Finding the Median Value for Fields in Access 2007

This content is outdated and is no longer being maintained. It is provided as a courtesy for individuals who are still using these technologies. This page may contain URLs that were valid when originally published, but now link to sites or pages that no longer exist.

Summary: Learn how to calculate the median value in Microsoft Office Access 2007 fields by importing a custom module that contains a DMedian function. (7 printed pages)

Ken Getz, MCW Technologies, LLC

April 2009

Overview

Although Microsoft Office Access 2007 provides the DAvg function to calculate a mean value, there is no equivalent function to calculate the median of a set of values. This article includes a VBA module that contains a custom function, DMedian, that calculates the median and emulates other domain functions like DSum, DMin, and DMax.

See It Finding the Median Value in Access 2007 video

Watch the Video

Length: 06:19 | Size: 7.56 MB | Type: WMV file

Code It | Read It | Explore It

Code It

Download the sample database

Office Access 2007 does not provide a built-in function that calculates the median of a set of values, although if it did, the function might work something like the built-in DSum and DMax functions. This article demonstrates a median function, written in Visual Basic for Applications (VBA), that you can use in your own applications.

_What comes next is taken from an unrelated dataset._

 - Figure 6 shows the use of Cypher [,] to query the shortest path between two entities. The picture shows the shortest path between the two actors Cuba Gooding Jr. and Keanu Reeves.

To try the function, first load the frmMedian form from the sample database, FindMedianValue.accdb. Choose a table and a field in that table by using the combo boxes on the form. After you choose a field, frmMedian uses the DMedian function to calculate the median value, and then displays that value in a text box. The form displays an error message if you choose a field with a nonnumeric data type, and displays the string "(Null)" if the median value is Null.

Figure 1. Sample form, frmMedian, displays the median UnitPrice value

Sample form displays the median UnitPrice value

Follow these steps to use the DMedian function in your own applications:

  1. Import the basMedian module from FindMedianValue.accdb into your database.

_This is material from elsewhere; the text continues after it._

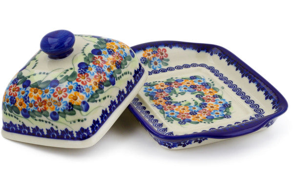 This Starburst Garland 7" Butter Dish was handmade and hand decorated in Boleslawiec, Poland by skilled artisans according to old traditional methods. This is a Polish pottery Signature Unikat, which means that it has been hand painted with both sponges and brushes and it is signed by the artist who painted it. Unikat pieces are the most intricate works of art. Larger Unikat items take hours of very careful work to finish. This Polish stoneware is microwave, dishwasher, freezer, and oven safe up to 480°F. It does not contain lead or cadmium. It is part of the Starburst Garland Collection.

  2. Use the following table to determine what syntax to use to call the DMedian function. (It is similar to the built-in DAvg function.)

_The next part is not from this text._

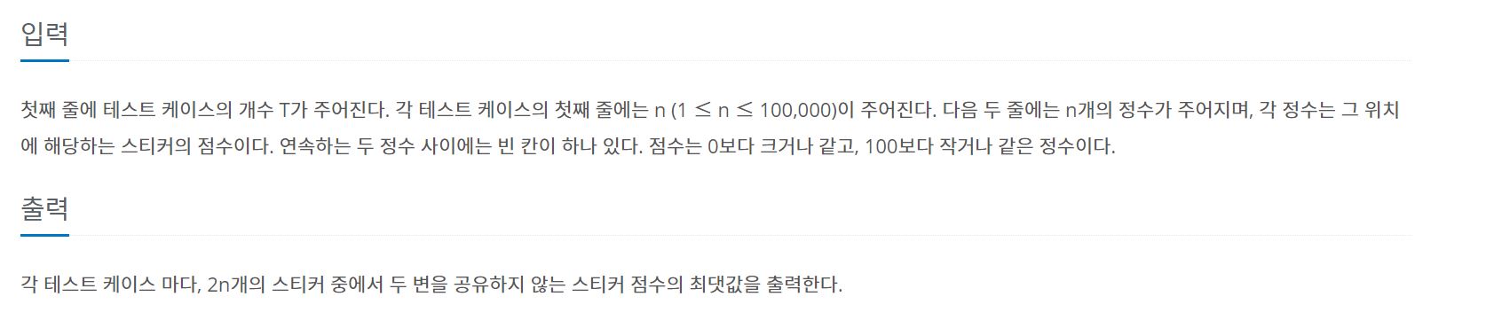 (c++)백준 9465번: 스티커 본문

    Table 1. DMedian Calling Syntax

    Parameter

    Description

    Example

    Field

    Name of field for which to calculate median

    "UnitPrice"

    Domain

    Name of a table or query

    "Products"

    Criteria

    Optional WHERE clause to limit the rows considered

    "CategoryID = 1"

  3. Make sure that each parameter is delimited with quotes. The third parameter is optional. For example, you might enter the following statement in the Immediate window. The function call should return 18, assuming that you use the data in the sample database, FindMedianValue.accdb.

    ? DMedian("UnitPrice", "tblProducts", "SupplierID = 1")
    
Important noteImportant

This example uses the DAO type library, and you’ll need to include the reference to the most current version of DAO in your own applications to take advantage of this code. Use the References command in the Tools menu to add the necessary reference, if you want to use this code in your own database.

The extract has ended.